On 12/11/2013 05:50 PM, Jes Sorensen wrote:
> NeilBrown <neilb@xxxxxxx> writes:
>> Hi,
>>  I would really like all distros that use systemd and mdadm to use a common
>>  set of unit files to run mdadm.  Similarly I would like us all to use
>>  exactly the same udev rules files.
>>  This is, after all, one of the benefits of open source - sharing fixes so we
>>  all get a better result.  It should also make it easier to respond to
>>  community issues because there are fewer differences between distros.
> 
> Neil,
> 
> Nice updates!
> 
>>  To this end:
>>
>>   - I've recently added some systemd unit files to mdadm and they are or will
>>     be in openSUSE.  I'm hoping they will eventually make their way into
>>     Fedora and any other distro that uses systemd.  I am of course happy to
>>     make changes to meet needs in other distros that I'm not aware of.
>>
>>     The particular unit files are:
>>      mdadm-last-resort@.timer  mdadm-last-resort@.service
>>
>>       When udev runs "mdadm -I" and finds that the array could have been
>>       started degraded, but wasn't because there is good reason to believe
>>       that more devices will appear, it adds to SYSTEMD_WANTS
>>            mdadm-last-resort@mdXXX.timer
>>       This waits 30 seconds and then runs mdadm-last-resort@mdxxx.service
>>       which starts the array if possible.
>>       If another device has appeared and the array has already been started,
>>       this will simply do nothing.
>>       This means that if you shut down, remove a device, then reboot you get
>>       a 30 second pause and the array starts.  That is better than the
>>       current situation where the array doesn't start.
>>
>> http://git.neil.brown.name/?p=mdadm.git;a=commitdiff;h=169ffac7ad7748c8586fd1d68b7a417d71133140
> 
> I am always wary of setting timeouts like this, but I am not sure there
> is a better solution. In particular what happens on a system which has a
> *lot* of arrays, in this case 30 seconds simply may not be enough. A
> crazy config with raid run on top of a LUKS device requiring password
> would be even worse, but ok, anyone doing that kinda deserve what they
> get :)
> 
>>
>>     mdmonitor.service
>>
>>       This is similar in purpose to the mdmonitor.service from Fedora, but
>>       different in detail.  In particular whenever a RAID[1-9]* array starts,
>>       udev adds this service to SYSTEMD_WANTS so that "mdadm --monitor" will
>>       automatically be started when needed, but never before.  So there is no
>>       need to explicitly "enable" this service.
>>
>>       Doug/Jes: do you see a problem with switching to this in due course?
>>
>> http://git.neil.brown.name/?p=mdadm.git;a=commitdiff;h=61c094715836e76b66d7a69adcb6769127b5b77d
> 
> I don't see any issues with this off hand. I will need to run some
> testing with it, but I like the idea of getting the files cleaned up and
> shared across distros. There were some issues related to SYSTEMD_WANTS
> in Fedora the other day, so Peter may have some input (added to CC).
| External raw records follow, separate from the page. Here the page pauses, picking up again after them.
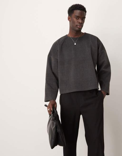 ASOS DESIGN – Grafitowa teksturowana bluza polarowa o pudełkowym fasonie super oversize
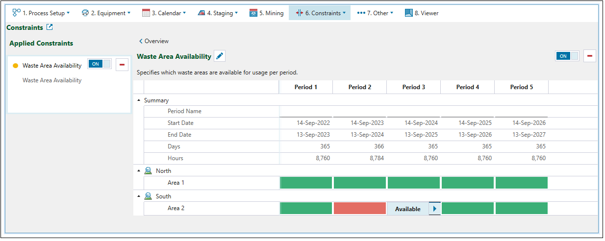 Use the Waste Area Availability constraint to specify when an area in a waste utility is available for dumping on a per-period basis.
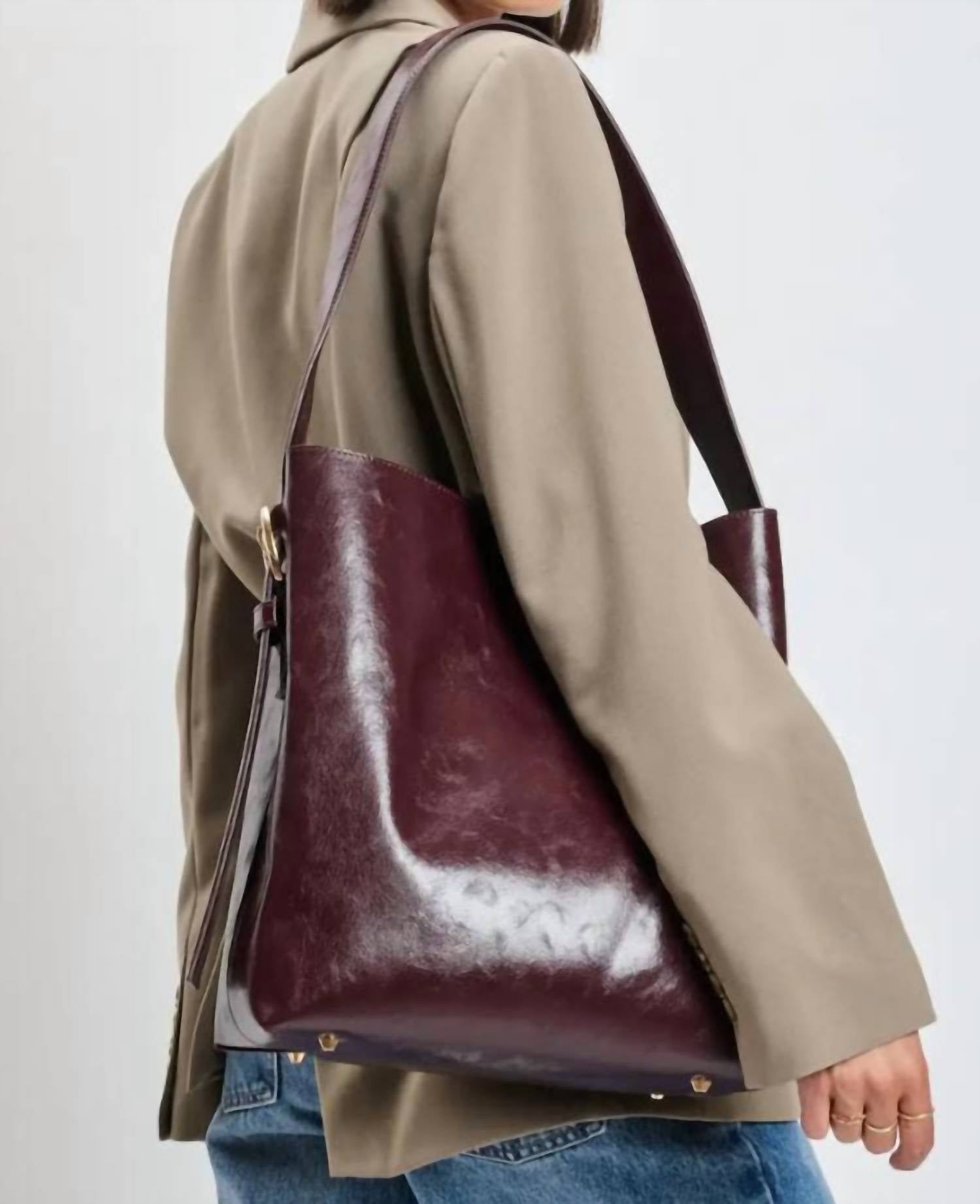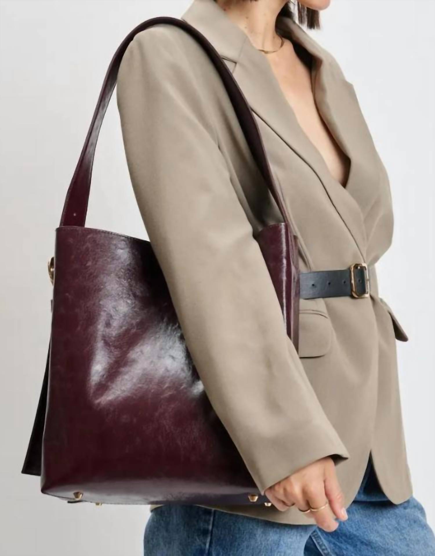 The Brooke Bucket Bag by Mint is your chic companion in a rich Burgundy hue, crafted from ethical vegan leather with a stylish bucket-style shape. Featuring practical gold hardware and an interior zip pocket, this tote is as functional as it is fashionable. The top snap closure secures your essentials, while its generous dimensions of 12.6 x 5.1 x 13.3 inches (32 x 13 x 33.8 cm) make it perfect for all your daily needs or as a sleek overnighter. Ideal for pairing with corduroy or denim and your favorite fall blouse.
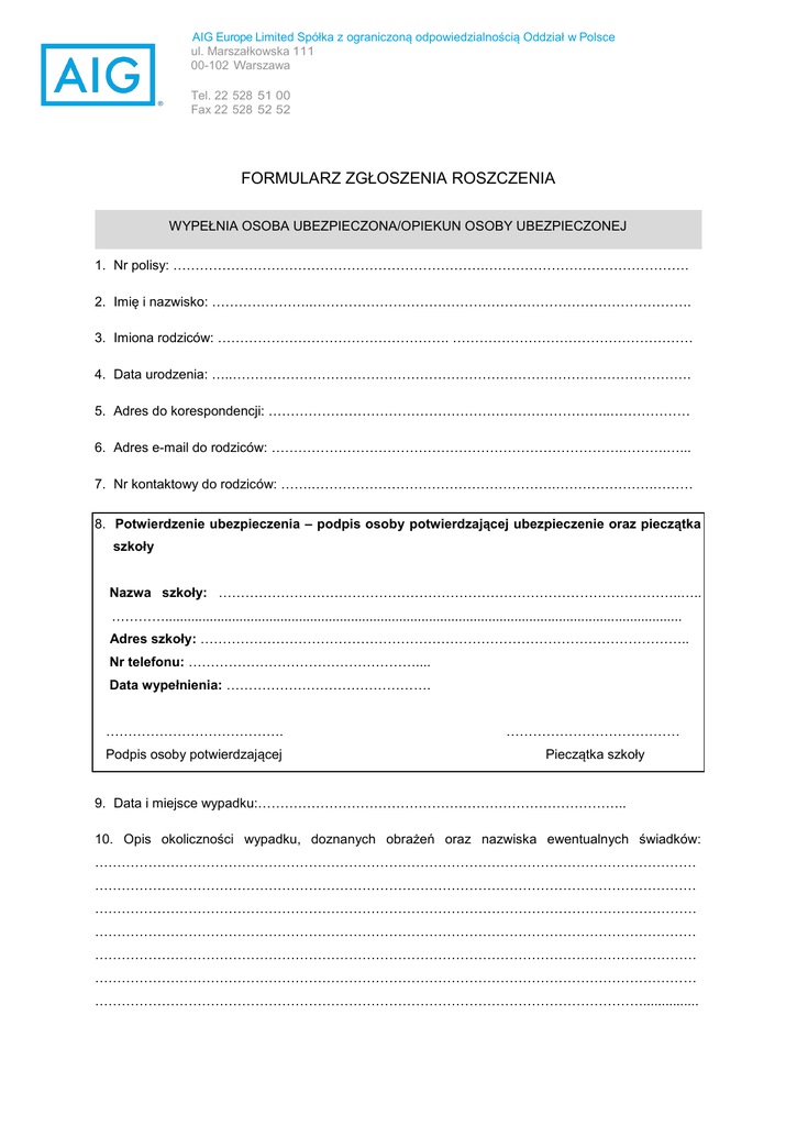 AIG Europe Limited Spółka z ograniczoną odpowiedzialnością Oddział w Polsce ul. Marszałkowska 111 00-102 Warszawa Tel. 22 528 51 00 Fax 22 528 52 52 FORMULARZ ZGŁOSZENIA ROSZCZENIA WYPEŁNIA OSOBA UBEZPIECZONA/OPIEKUN OSOBY UBEZPIECZONEJ 1. Nr polisy: …………………………………………………………….………………………………………. 2. Imię i nazwisko: …………………..…………………………………………………………………………. 3. Imiona rodziców: ……………………………………………. ……………………………………………… 4. Data urodzenia: …..…………………………………………………………………………………………. 5. Adres do korespondencji: …………………………………………………………………..……………… 6. Adres e-mail do rodziców: …………………………………………………………………….……….…... 7. Nr kontaktowy do rodziców: …….……………………………………………….………………….……… 8. Potwierdzenie ubezpieczenia – podpis osoby potwierdzającej ubezpieczenie oraz pieczątka szkoły Nazwa szkoły: …………………………………………………………………………………………..….. …………........................................................................................................................................... Adres szkoły: ……………………………………………………………………………………………….. Nr telefonu: …………………………………………….... Data wypełnienia: ………………………………………. …………………………………. ………………………………… Podpis osoby potwierdzającej Pieczątka szkoły 9. Data i miejsce wypadku:……………………………………………………………………….. 10. Opis okoliczności wypadku, doznanych obrażeń oraz nazwiska ewentualnych świadków: ……………………………………………………………………………………………………………………… ……………………………………………………………………………………………………………………… ……………………………………………………………………………………………………………………… ……………………………………………………………………………………………………………………… ……………………………………………………………………………………………………………………… ……………………………………………………………………………………………………………………… ……………………………………………………………………………………………………………............... Okres leczenia szpitalnego (prosimy dołączyć kopię karty informacyjnej leczenia szpitalnego): od ……………… do ……………… Nazwa i adres ośrodka: …………………………………………………………………………………..……… WYPEŁNIA LEKARZ PROWADZĄCY (jeżeli Osoba Ubezpieczona posiada dokumenty medyczne zawierające diagnozę oraz opis przebiegu leczenia, wypełnienie pkt. 11 przez lekarza nie jest wymagane) 11. Data wypadku, diagnoza, opis przebiegu leczenia, data zakończenia leczenia .……………………………………………………………………………………………………………………… ………………………………………………………………………………………………………………………. ……………………………………………………………………………………………………………………… ……………………………………………………………………………………………………………………… ……………………………………………………………………………………………………………………… Podpis i pieczątka lekarza:……..……………………………. Data:……………… 12. Czy leczenie zostało zakończone? TAK NIE 13. Zgodnie z artykułem 815 § 3 Kodeksu Cywilnego zatajenie prawdy lub złożenie oświadczeń niezgodnych z prawdą, a istotnych i wymaganych przez Ubezpieczyciela, spowoduje unieważnienie roszczenia. 14. Do niniejszego formularza należy dołączyć: kopię pełnej dokumentacji medycznej związanej z wypadkiem (w tym kopii karty informacyjnej leczenia szpitalnego); kopię raportów z Policji/Prokuratury/Sądu zawierających opis okoliczności wypadku oraz wynik badania na zawartość alkoholu we krwi Osoby Ubezpieczonej (jeżeli zostały sporządzone); oryginały rachunków za powypadkowe leczenie (jedynie w przypadku wybrania wariantu ubezpieczenia obejmującego zwrot kosztów powypadkowego leczenia). 15. Przyznane świadczenie proszę przekazać: na rachunek bankowy nr: _ _ ____ ____ ____ ____ ____ ____ nazwa banku: ……………………………………………………………………………………………………... właściciel rachunku: ………………………………………..…………………………………………………….. albo przekazem pocztowym na adres: …….………………….…………………………………………………………………………………………….. UPOWAŻNIENIE Niniejszym upoważniam szpital, przychodnię, lekarzy prowadzących leczenie, pracodawcę oraz każdą inną osobę fizyczną lub osobę prawną do dostarczenia Towarzystwu wszystkich niezbędnych informacji dotyczących okoliczności oraz następstw wypadku będącego przyczyną zgłoszenia ros

Yes, the recent issue I hit was exactly with the SYSTEMD_WANTS and SYSTEMD_READY
udev variables that need to be set very carefully. Lennart even updated a man
page to include this important piece of information without which there could be
some confusion:
  http://cgit.freedesktop.org/systemd/systemd/commit/?id=419173e60a05424008fcd312f6df4b59b2ce8e62

(Also some discussion here: https://bugzilla.redhat.com/show_bug.cgi?id=1026860
and comment #76 for summary of the problem)

Briefly, we need to be sure that whenever SYSTEMD_WANTS is assigned, the
SYSTEMD_READY can't be 0 at the same time, otherwise, we will lose the action
for SYSTEMD_WANTS (systemd will ignore it and the service won't be started if
SYSTEMD_READY=0 at the same time).

It would be great if we could have some general rule to switch from
SYSTEMD_READY=0 to SYSTEMD_READY=1 at proper time for devices that have a more
complex initialization scheme like MD, DM/LVM, loop devs or any other devices
that are not fully set up on usual ADD event, but requires some more action
(and so they're ready after a CHANGE event later on).

As for creating or activating DM/LVM devs, we create the device (ADD event),
load the DM table for it (no event yet), and resume it (CHANGE event). And the
device is usable only after that CHANGE event. We're using a set of "flags" to
direct udev rules to not touch devices that are not ready yet, one of them is
the DM_UDEV_DISABLE_OTHER_RULES flag that direct all the "other" (non-dm/lvm
rule) to skip the device scanning or any actions that the other subsystem may
want to do perform on the device. This check is also used in MD rules for DM/LVM
devs...

I think a very similar activation scheme applies for MD devices when assembling
arrays as devices come, right? However, I noticed that MD rules check directly
the ATTR{md/array_state} no matter what the event type is (either ADD or CHANGE).
So what I would probably suggest for consistency here is to consider the MD dev
unusable on ADD event and only usable on/after CHANGE event. Otherwise, if we're
processing ADD event and we're relying on state of the ATTR{md/array_state}
only, we're getting into a race where the device could be usable or not, based
on timing - it all depends on whether during the processing of the ADD event,
the CHANGE event has already been triggered from kernel in background.

So that would be my first suggestion - to define when the device is ready and
whether the event type should be considered too when checking the
ATTR{md/array_state}. I think this would make it much cleaner as one can always
expect the device to be ready on CHANGE event, but never on ADD event, making
the processing easier in any other rules.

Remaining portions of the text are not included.